DESCRIPTION OF THE TASK
In the material below, pictures must be dropped. Repeat exactly, and only, the lines from the line with "Wir nähen die" to the line with "La Agencia Estatal", both ends included.

DATA PROVIDED

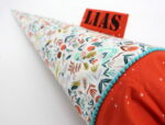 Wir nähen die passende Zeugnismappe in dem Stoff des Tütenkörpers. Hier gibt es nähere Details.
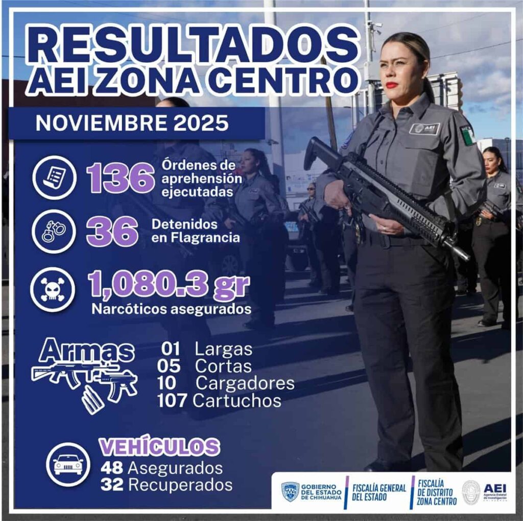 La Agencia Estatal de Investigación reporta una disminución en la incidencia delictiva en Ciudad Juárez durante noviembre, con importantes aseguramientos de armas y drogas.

* * *

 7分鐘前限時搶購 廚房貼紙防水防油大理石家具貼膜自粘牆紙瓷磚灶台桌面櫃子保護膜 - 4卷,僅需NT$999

WRITTEN REPLY
 Wir nähen die passende Zeugnismappe in dem Stoff des Tütenkörpers. Hier gibt es nähere Details.
 La Agencia Estatal de Investigación reporta una disminución en la incidencia delictiva en Ciudad Juárez durante noviembre, con importantes aseguramientos de armas y drogas.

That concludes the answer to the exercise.